Marketing for a new audience
Aside from responding to changing customer preferences, these companies are also recognizing that in order to resonate, they must master a digitally forward marketing strategy.
For Johnson & Johnson’s C&C, the in-house marketing team put Instagram and the McKnights at the forefront, according to Thibault. “We took a different approach. Because we are a startup incubator brand, we kept the social media team in-house,” he said. “From creative to production and consumer engagement, it’s all done by our internal team.”
C&C doesn’t have a YouTube channel, and it only has 2,400 Instagram followers right now. But by leveraging the McKnights, who have 3.9 million followers on Instagram and 5.6 million subscribers on YouTube, the brand has seen its awareness grow. A YouTube video posted on the twins’ channel featuring C&C now has 971,000 views. C&C has also enlisted its paid team of micro-influencers, who all promote products with the hashtag #ccskincaresquad. Although C&C would not comment on its influencer investment strategy, these micro-influencers, like the McKnights, were paid.
Thibault said YouTube is the next frontier for C&C to deepen its customer relationship. “We know our demo lives and breathes online, so we’re really trying to reach them where they already are engaged. The opportunities are endless,” he said.
Culling customer preferences online has also been crucial for Love Beauty Planet. For its part, it saw such success in its initial January assortment, it expanded its product lineup from 18 items to 45 with new categories like hydro gels, body butters and body dry oils, in August. The deeper assortment came from online crowd sourcing from customers, said Molly Landman, Unilever global brand director. “The asks for deodorants and lotions on social specifically narrowed down how and what we were going to launch next,” she explained. From concept to launch, the product incubation process for these new Love Beauty Planet products took six months.
Testing the waters
It’s a good thing for behemoth companies to pick up the pace. But Wunker explains that incubators can be prone to pitfalls, and personal-care giants should proceed with care.

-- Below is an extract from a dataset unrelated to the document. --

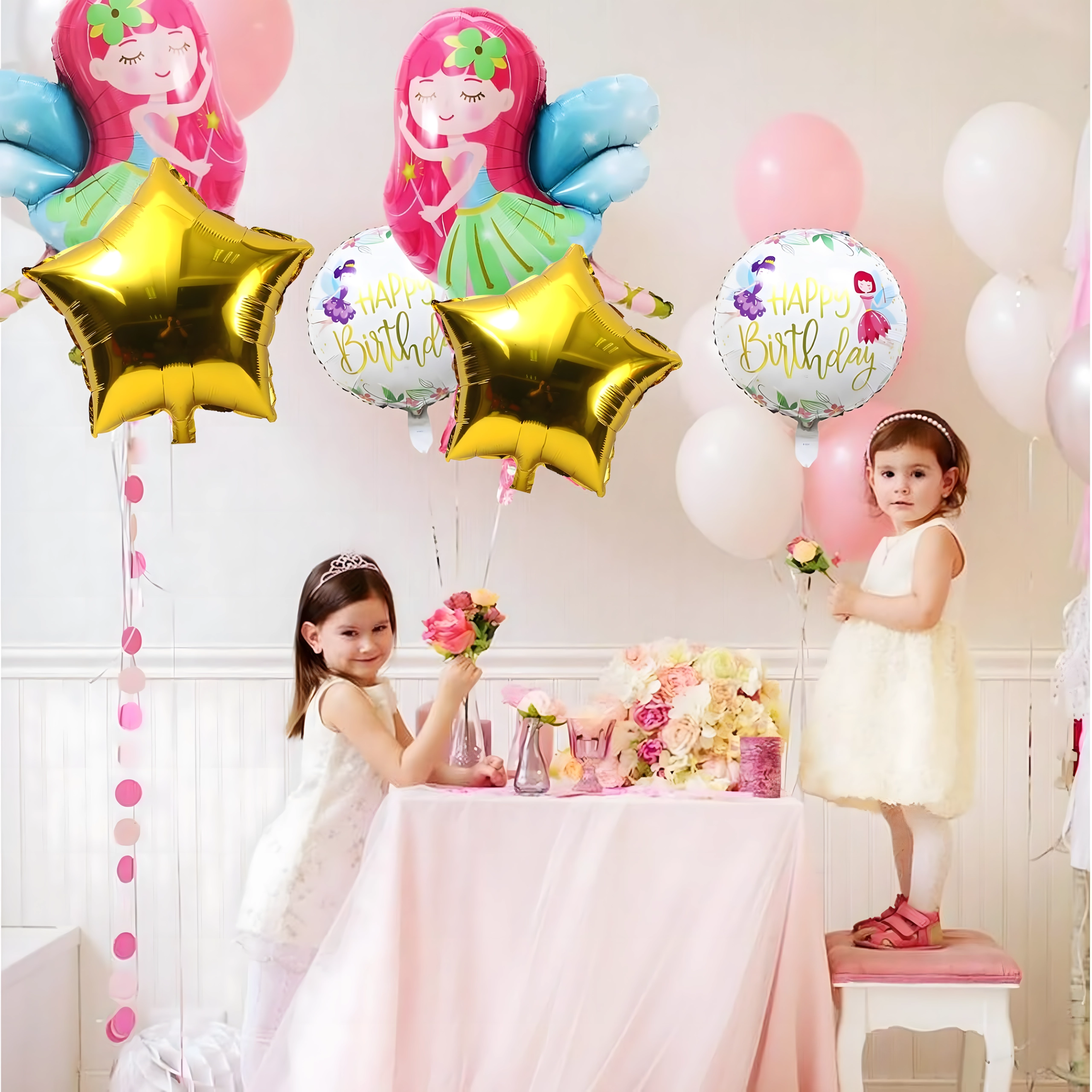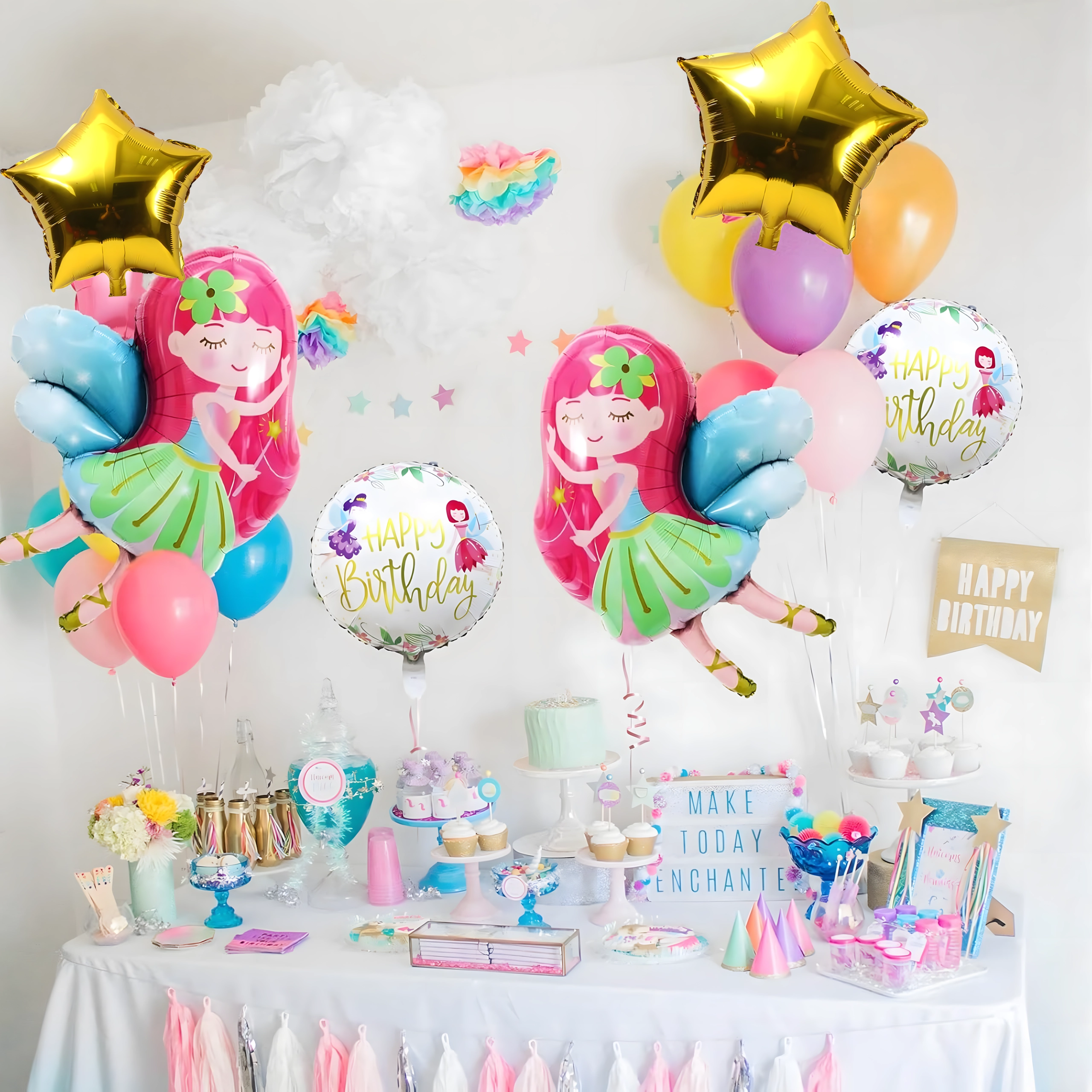 Ez a mesés tündéres lufiszett egyedülálló hangulatot teremt minden ünnepen. A nagy, tündér alakú lufi és a kiegészítő kerek, illetve csillag alakú lufik kombinációja látványos dekorációt biztosít erőfeszítés nélkül.

“Incubators can be hobbled by fuzzy mandates, pet projects, unbalanced pipelines, unstable funding and little ability to actually do things differently. All of these are addressable, but it requires deliberate thinking upfront to create the long-term dividends that a successful incubator brings,” he said. “It’s not always a good match for companies that pride themselves on careful rigor and deliberation.”
While these new beauty incubators may not be the catch-all solution the aforementioned heritage companies need in a highly fragmented market, some are proving financially viable. Unilever reported in April that its beauty and personal-care category grew by 3.9 percent in the first quarter of 2018, buoyed by “purpose-led” brands, like Love Beauty Planet and ApotheCare Essentials.
For now, companies are continuing to invest in said incubators and their brands. Seed Phytonutrients, which started largely through its own e-commerce site and Amazon, expanded its retail presence through health-and-wellness store Pharmaca in August, and Wolf said Seed is ranked No. 2 among other beauty brands in the natural space in terms of engagement across social platforms.
And though Johnson & Johnson wouldn’t reveal sales figures for C&C so far, it plans to release its second incubated beauty brand in 2019. According to Thibault, there’s a plan in place to ensure the incubator inspires change throughout the company.
“The incubator is leading new internal ways of working with design-centric, faster and more cost-effective innovation; and piloting new go-to-market models,” he said. “Learnings from C&C are actively being shared across the Johnson & Johnson organization.”